Y no pienso en la línea bajo mi esternón que se tensó cuando el aroma que no se supone que deba admitir que reconocí se deslizó entre la multitud e hizo que la noche se sintiera diferente.
Pienso en logística porque es en lo que soy bueno.
Cuando terminamos, padre se levanta.
—Ethan te llevará por Ops —le dice a Lizzy—.
Nos uniremos a ustedes más tarde.
La guío por el pasillo de servicio para que no la asedien los pocos miembros de la manada que tomarían una foto sin pedir permiso.
Camina medio paso detrás de mí, un ángulo diseñado para mostrar respeto y sugerir intimidad.
Es buena en esto y supongo que ha tenido práctica.
—Felicitaciones de nuevo —dice mientras doblamos la esquina—.
La ceremonia fue hermosa.
Tu madre tiene instintos impecables.
—Así es —digo—.
Ella diseñó la secuencia con el Jefe de RP y verificó personalmente los ángulos de luz tres veces.

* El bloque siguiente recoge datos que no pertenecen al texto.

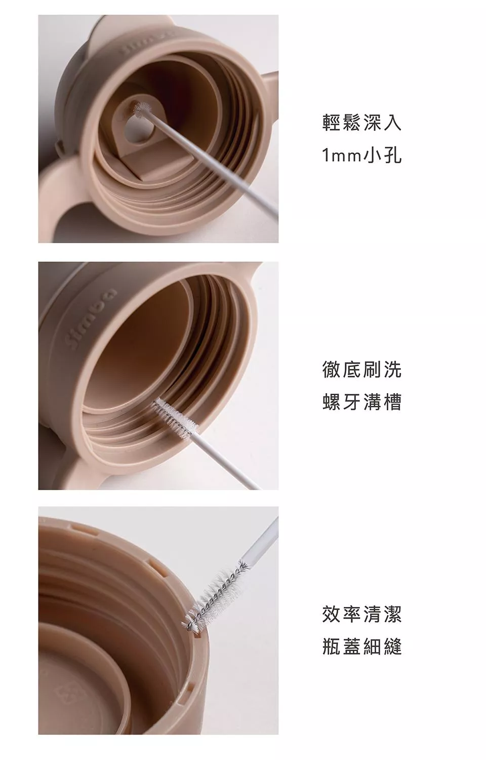 1.使用前務必沾濕刷毛再穿入吸管或細小配件,上下左右來回刷洗。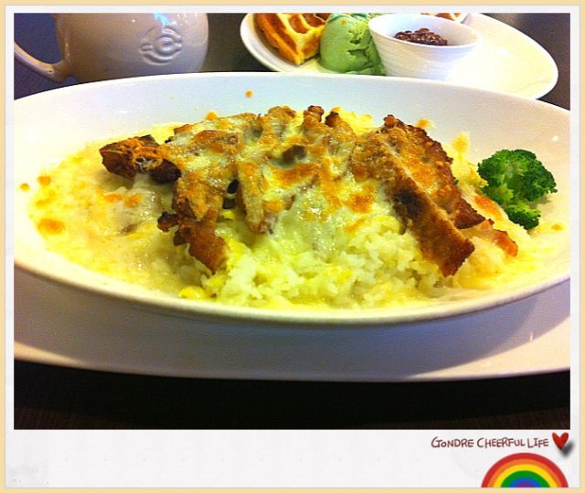 芝士洋葱汁猪扒焗意饭(配蓝莓布蕾),48元,猪扒比较硬,酱汁做得很好,有浓浓的芝士味道,米饭有些黏,口感一般。

—Se preocupa —dice Lizzy—.
Me gustan las mujeres que manejan los detalles.
Llegamos al piso de operaciones.
El escritorio de seguridad la reconoce de visitas anteriores, así que asiento una vez y el guardia nos deja pasar.
Le muestro las bahías de drones, las pantallas que reúnen las cámaras fronterizas y el GPS de patrulla, el registro de accesos con credenciales.
Le explico cómo superponemos guardianes sobre la tecnología para que la transmisión no falle y cómo bajamos la malla interna durante los eventos para mantener la transmisión limpia.